Fail-fast done poorly: crashes without useful diagnostics, no restart mechanisms, data loss on crash. Fail-safe done poorly: silent data corruption, ignored errors that indicate serious problems, systems that 'work' but produce wrong results.

Case Studies: Learning from Real Systems

Examining real systems illuminates how these philosophies work in practice.

Case Study 1: Erlang/OTP — The Let It Crash Philosophy

Erlang is perhaps the most influential example of fail-fast design. Telecom systems built on Erlang routinely achieve 99.9999999% availability (nine nines). How?
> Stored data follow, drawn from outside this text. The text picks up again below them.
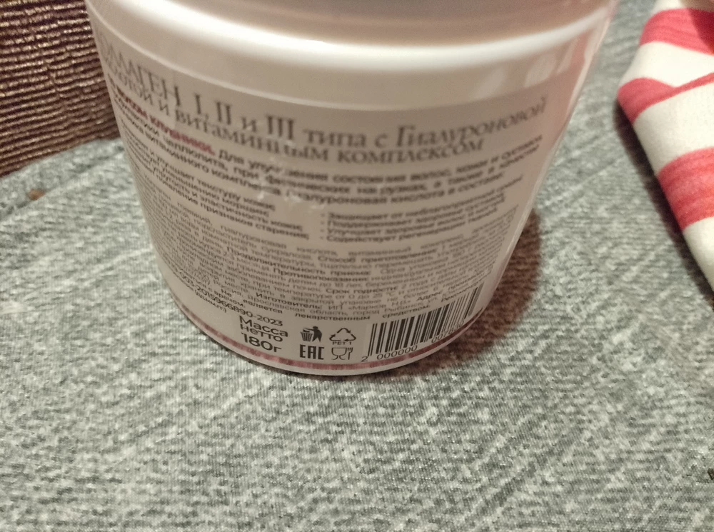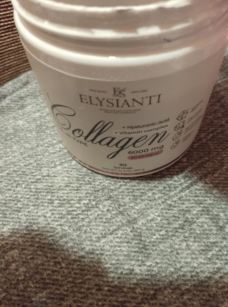 Коллаген от Elysianti - на банке указано,что содержит первый,второй и третий тип,плюс полноценный * довесок*-гиалуроновая кислота и внушительное,в процентном отношение количество витаминов.вкус для меня приторный,но если все то что заявлено на упаковке действительно содержится,то это не имеет значения .Растворяется нормально после интенсивного взбалтывания,мерная ложечка есть.Чтобы оценить эффект именно этой добавки конкретного производителя ее нужно пить хотя бы пару месяцев а так все нормально и упаковано отлично.
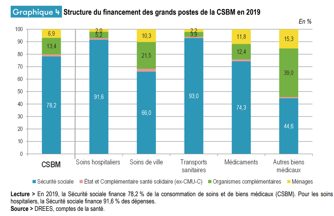 En France, la conquête de la Sécurité sociale et la généralisation de l’assurance maladie obligatoire cohabite avec le rôle maintenu des organisations mutualistes et des assurances privées (13,5% en moyenne des dépenses totales). Le reste à charge pour les ménages est en moyenne de 7%. Les hôpitaux publics occupent une place centrale dans le système des soins, et la production des soins en ville est dominée par la médecine libérale et la tarification à l’acte. La prévention et la politique de santé publique sont les parents pauvres du système.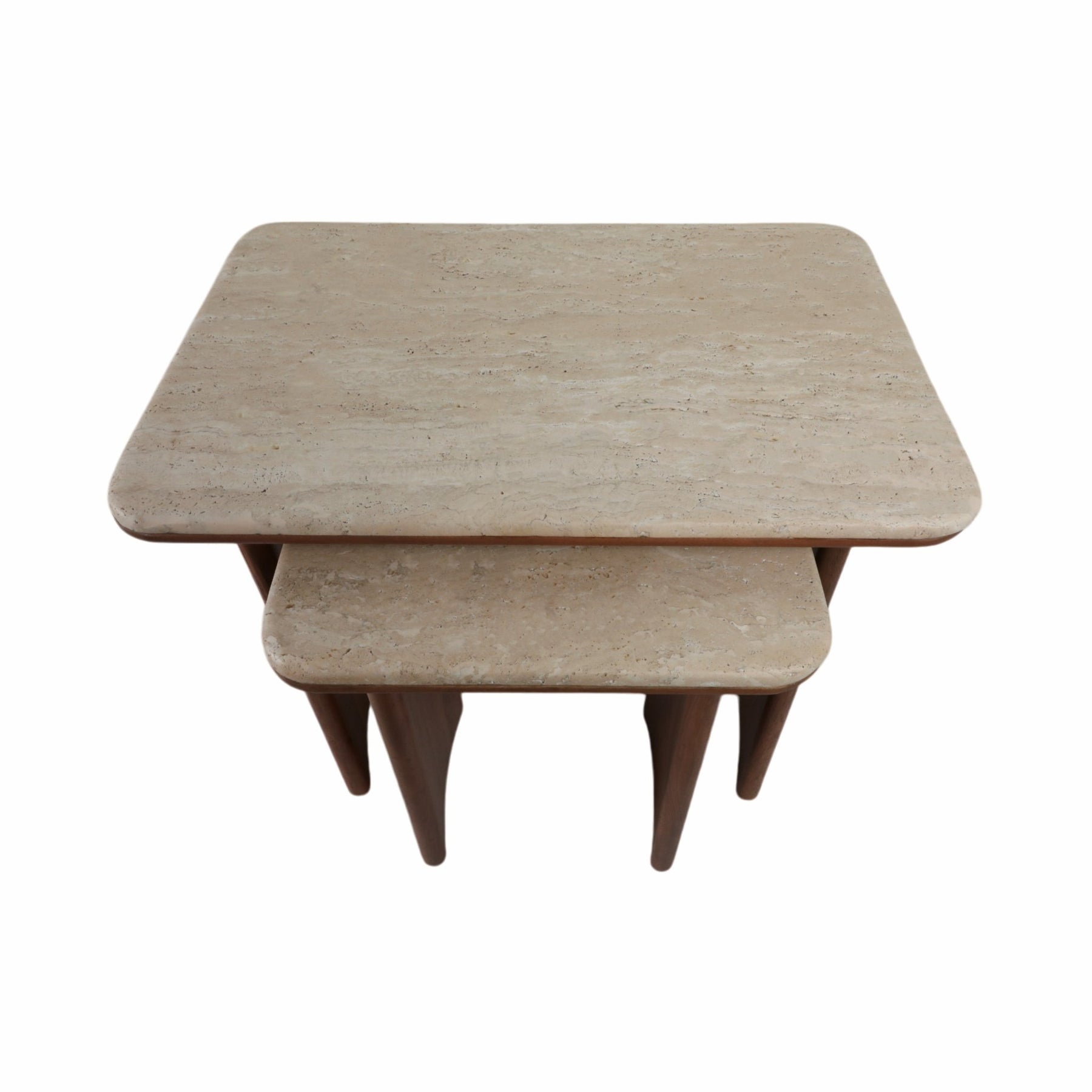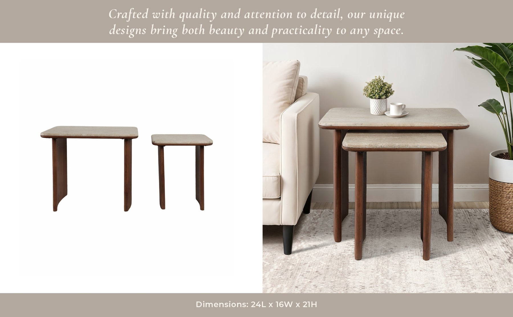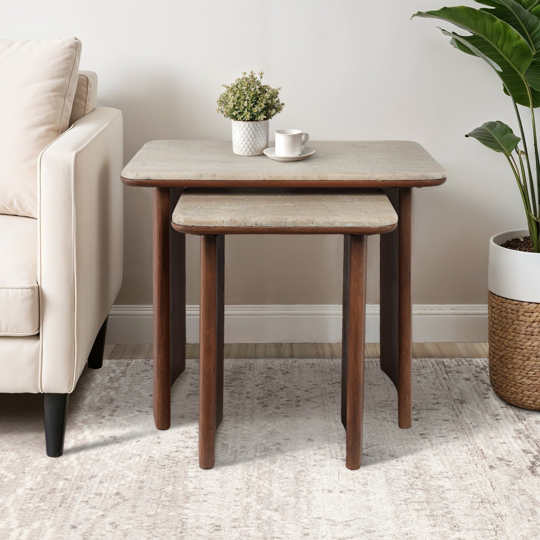 S/2 18/20" NESTED TRAVERTINE SIDE TABLES,BROWN, KD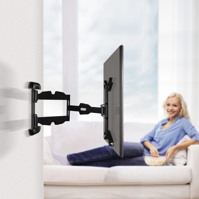 Ein grosser Fernseher macht sich vor allem in einem entsprechend grosszügigen Raum gut. Schwierig wird es allerdings, wenn das Zimmer in unterschiedliche Bereiche aufgeteilt ist und man von überall einen optimalen Blick auf das TV-Gerät haben will. Hama bietet mit dem Modell „Fullmotion ultralang“ eine vollbewegliche TV-Wandhalterung mit extralangem Auszug, die dieses Problem löst.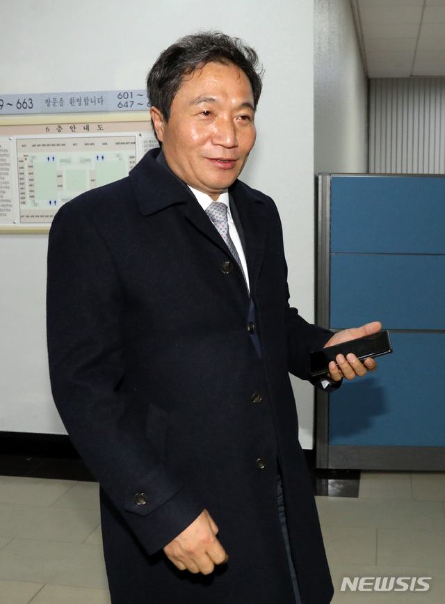【서울=뉴시스】박영태 기자 = 바른미래당을 탈당해 자유한국당으로 입당 예정인 이학재 정보위원장이 17일 오후 서울 영등포구 여의도 국회 정보위원장실을 나와 어디론가 이동하고 있다. 2018.12.17.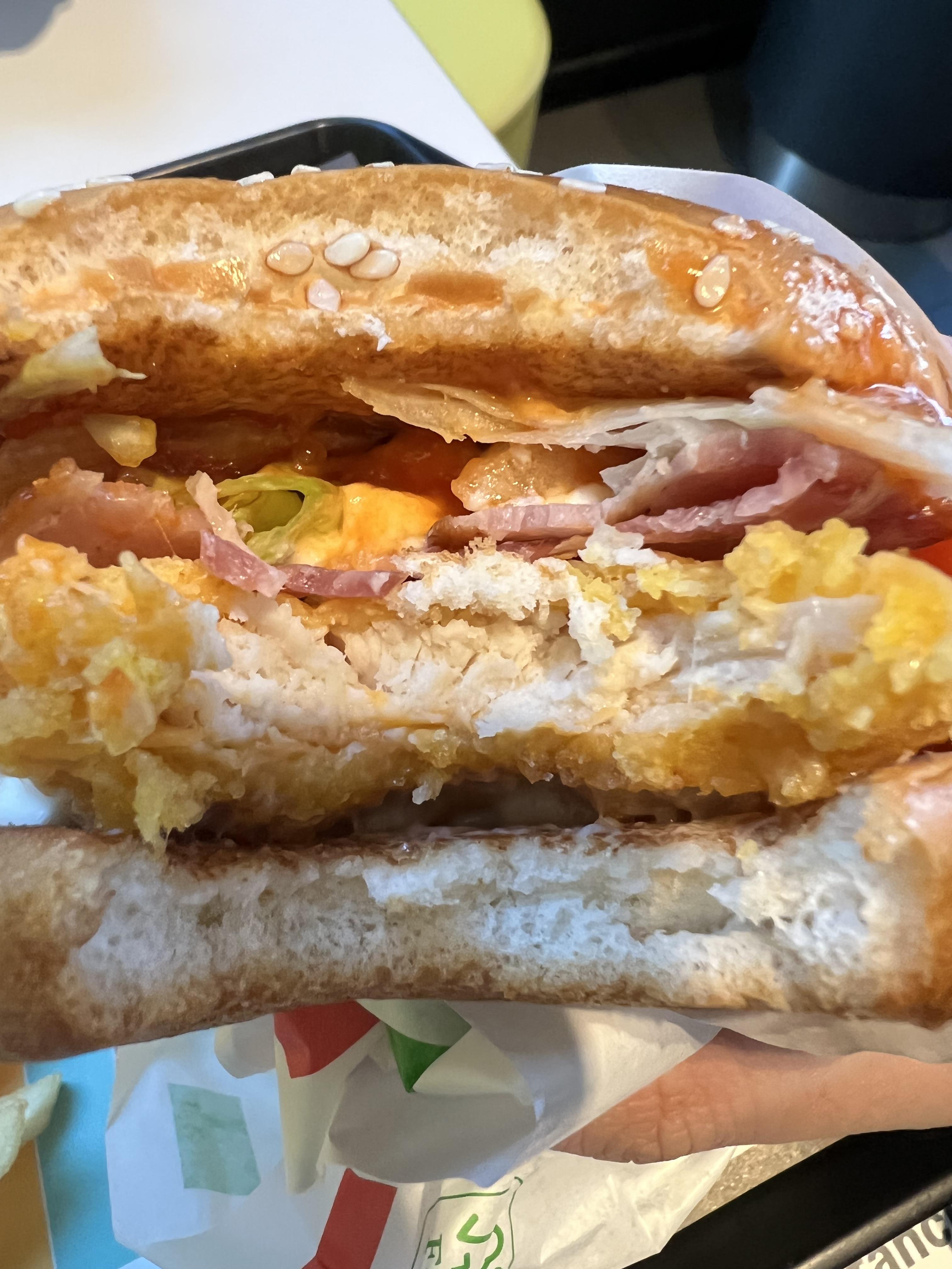 상하이 치킨 버거보다는 살짝 얇은 치킨 패티지만 두께 자체는 그래도 그렇게 얇진 않아 보입니다.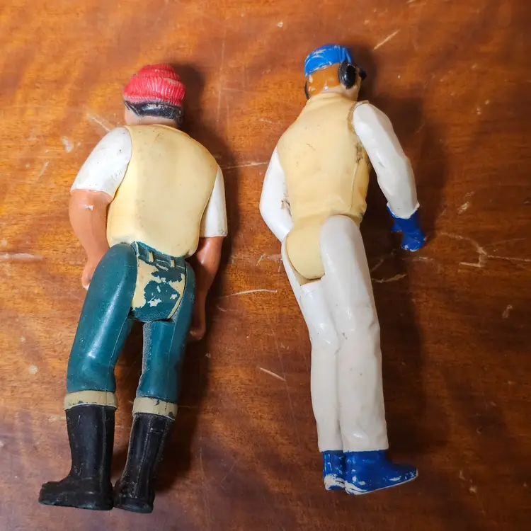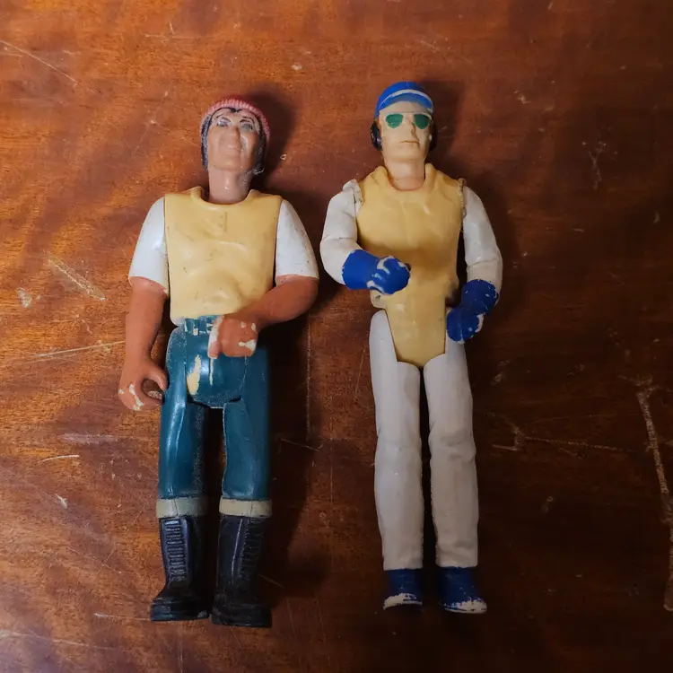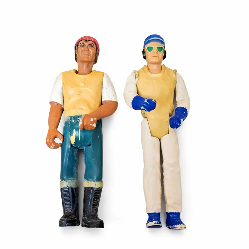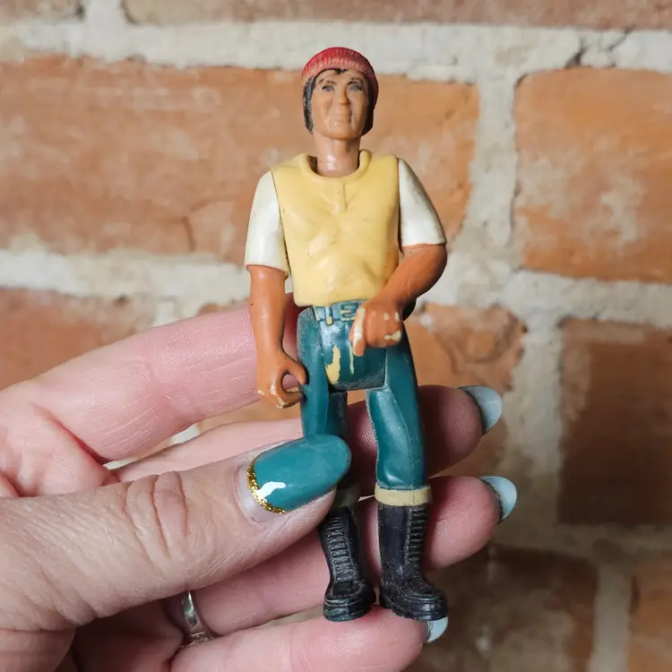 Worker: This figure has a yellow vest over a white t-shirt and green pants, with black boots and a red beanie. There is significant paint wear on the pants and back.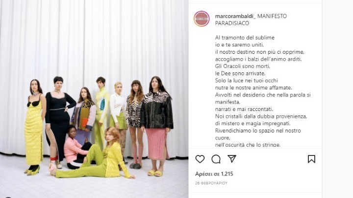 Υπό την προστασία του παίρνει αναδυόμενους σχεδιαστές μόδας ο οίκος Valentino και προσφέρει τον λογαριασμό του στο Instagram ως πλατφόρμα ανάδειξης ενός από αυτούς κάθε σεζόν. Τον επόμενο Φεβρουάριο, κατά τη διάρκεια της Milan Design Week, οι 15,7 εκατομμύρια followers του Valentino στο Instagram θα αρχίσουν να απολαμβάνουν τις κρεασιόν του Marco Rambaldi. Και η πρωτοβουλία φιλοξενίας θα έχει συνέχεια με συνεργασία του Valentino με την Camera della Moda Italiana, το ιταλικό ισοδύναμο του British Fashion Council.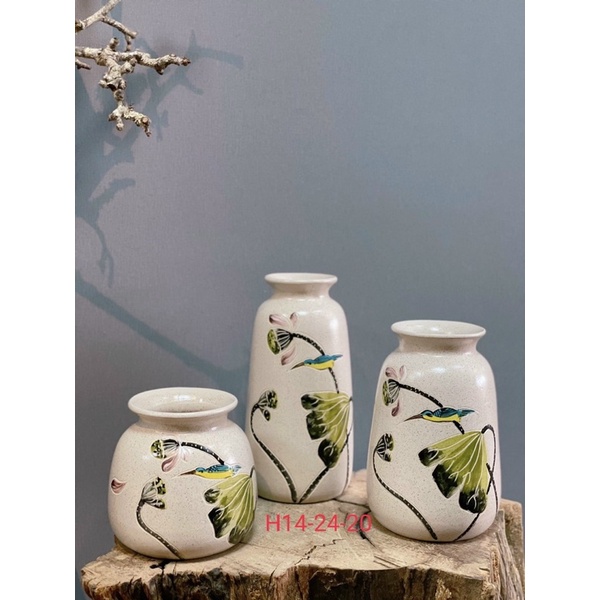 - Bộ 3 bình gốm thiết kế dáng hút Lộc , mang lại nhiều Lộc, nhiều tài cho gia chủ. chính vì vậy được rất nhiều gia đình sử dụng trưng trong phòng khách, bàn làm việc- kích thước : bình cao lần lượt là :24cm/18cm/14cm . miệng rộng 6cm .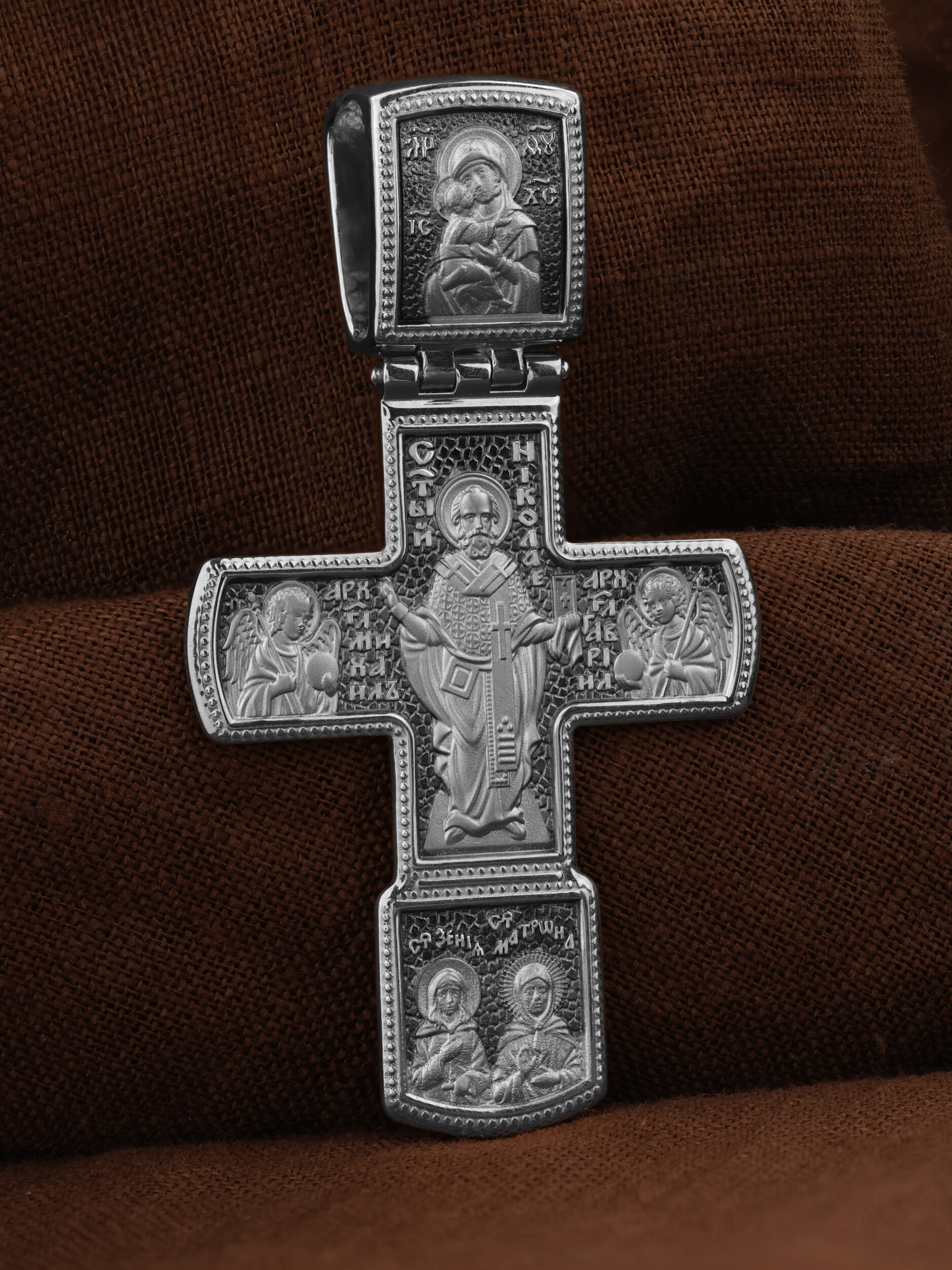 В центре на обороте — самый почитаемый в Православной Церкви святой, Николай Чудотворец, которого еще называют Николай Угодник за то, что он угодил своей жизнью Богу. Ему молятся, отправляясь в путешествие, особенно по морю, просят исцеления в различных недугах, помощи в торговых делах, учебе и поисках достойного супруга. С двух сторон от Николая Чудотворца помещены образы архангелов Михаила и Гавриила. Вверху — Владимирская икона Божией Матери — самая великая русская святыня, многие века бывшая олицетворением нашей земли. Перед ней венчались на царство государи, избирались патриархи. Пречистой Богородице Владимирской клялись в верности Отечеству солдаты и за нее умирали на поле брани. Именно на ее защиту более всего уповала Россия в самые страшные периоды своей истории. В нижнем клейме — иконы двух святых помощниц от всех недугов, блаженных Ксении Петербургской и Матроны Московской.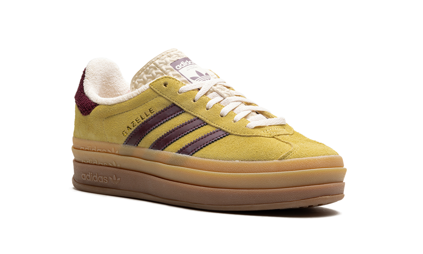 The Women’s adidas Gazelle Bold “Yellow/Burgundy” is a women’s-exclusive colorway of the retro shoe with a platform-style sole and other modifications. The contemporary-looking adidas Gazelle Bold features a triple-stacked, raised sole. As for the rest of the design, the shoe features a mustard yellow suede upper with burgundy leather Three Stripes on the sides. Gold “Gazelle” branding is seen on the lateral side of the shoe. The burgundy terry cloth heel tab matches the material used on the shoe’s inner lining. A stacked gum rubber sole completes the look.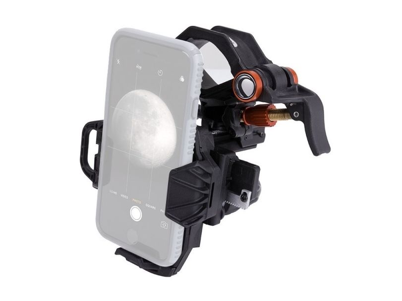 NOTE: NexYZ fits telescopes, spotting scopes, binoculars, monoculars, and microscopes. It will not fit riflescopes. NexYZ will work with most phone cases, but if you have an especially large phone case with built-in batteries or a folio style case, Celestron recommends removing it for optimal use.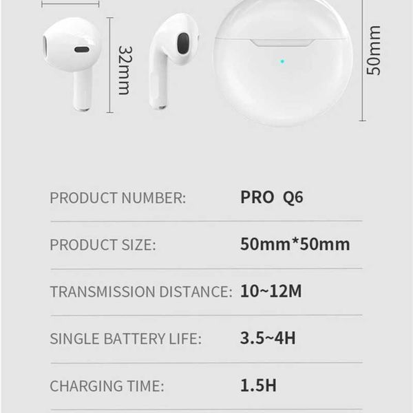 J6 Pro4 Pro6 Wireless Bluetooth Earphones 5.0 Stereo TWS Dual ear Sports 5th Generation Sports Earphones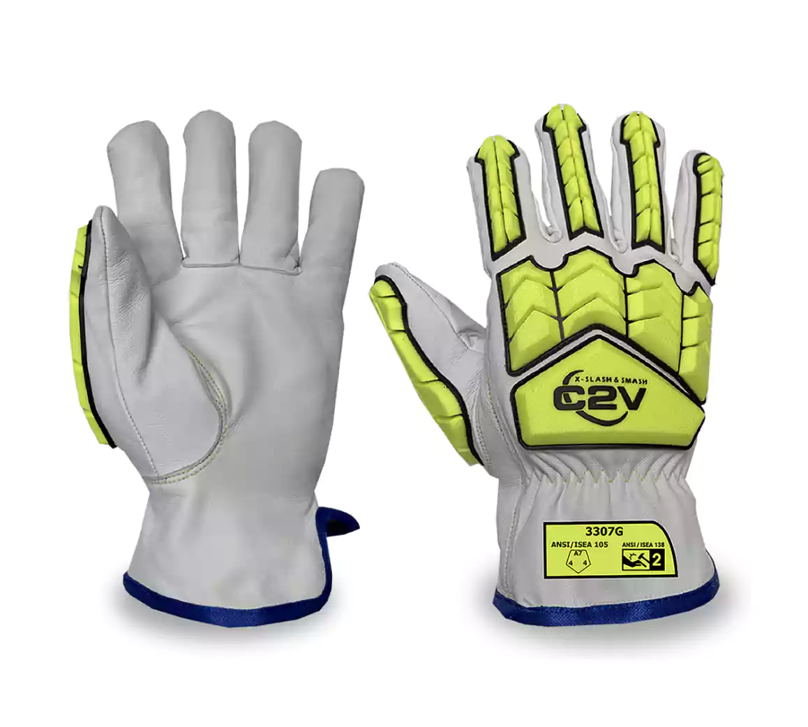 The X-Slash & Smash 3307G offers ANSI A7 cut resistance and ANSI level 2 impact protection in addition to dexterity and comfort. Crafted with goatskin to offer superior comfort, abrasion resistance, and the best tactile sensitivity in the leather family. The HPPE/Steel/Glass liner is cut resistant. The ergonomic keystone thumb design reduces hand fatigue and promotes a wider range of motion. It delivers durability, protection, and functionality. ANSI Abrasion level 4 resistance, ANSI Puncture level 4 resistance.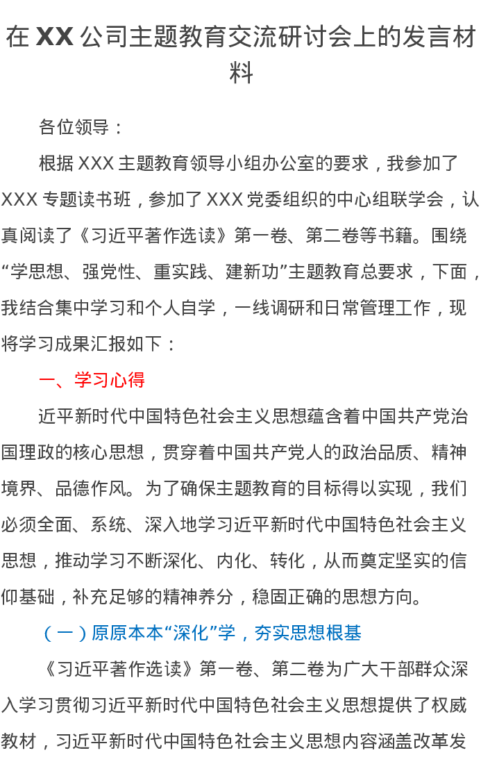 在XX公司主题教育交流研讨会上的发言材料(特色社会主义思想)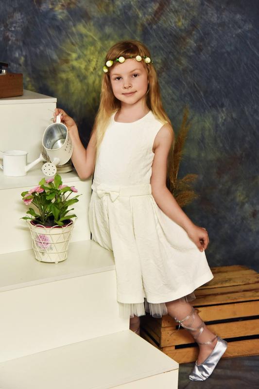 Сукня "Жаклін" Ціна - 850 грн Плаття для дівчинки 7-8 років. Обхват грудей 64-66 см. Довжина від плеча до талії - 32 см. Довжина спіднички - 40 см. Тканина - жаккард. Підкладка - атлас. Колір - молочний.

Worker processes crash immediately on any unexpected condition
Supervisor processes detect crashes and restart workers
State isolation ensures one crash doesn't corrupt other processes
The crash/restart cycle is measured in milliseconds
Most 'failures' are invisible to users because restart is so fast

The philosophy: 'If you don't know how to handle an error, crash. Somebody else will restart you in a known-good state.'

Case Study 2: Amazon DynamoDB — Fail-Safe for Availability

DynamoDB prioritizes availability over immediate consistency. When a write can't reach all replicas:

The write succeeds if the minimum quorum is met
Background repair ensures eventual consistency across all replicas
Read requests may return stale data briefly
System continues operating through network partitions

The philosophy: 'Availability for writes is more valuable than immediate consistency across replicas. Eventual consistency is good enough for many use cases.'

Case Study 3: Google Spanner — Fail-Fast for Consistency

Spanner takes the opposite approach—consistency over availability:

Writes require global coordination (TrueTime)
If coordination fails, writes fail (fail-fast)
The system rejects operations it can't guarantee consistent
Availability is sacrificed during certain partition scenarios

The philosophy: 'For global financial systems, incorrect balances are worse than temporary unavailability. Users can retry failed operations.'

Both Approaches Succeed

All three systems are highly successful, powering critical infrastructure worldwide. The difference in approach reflects different requirements: telecom needs high availability per-call, Dynamo needs always-on writes, Spanner needs global consistency. Choose based on requirements, not philosophy.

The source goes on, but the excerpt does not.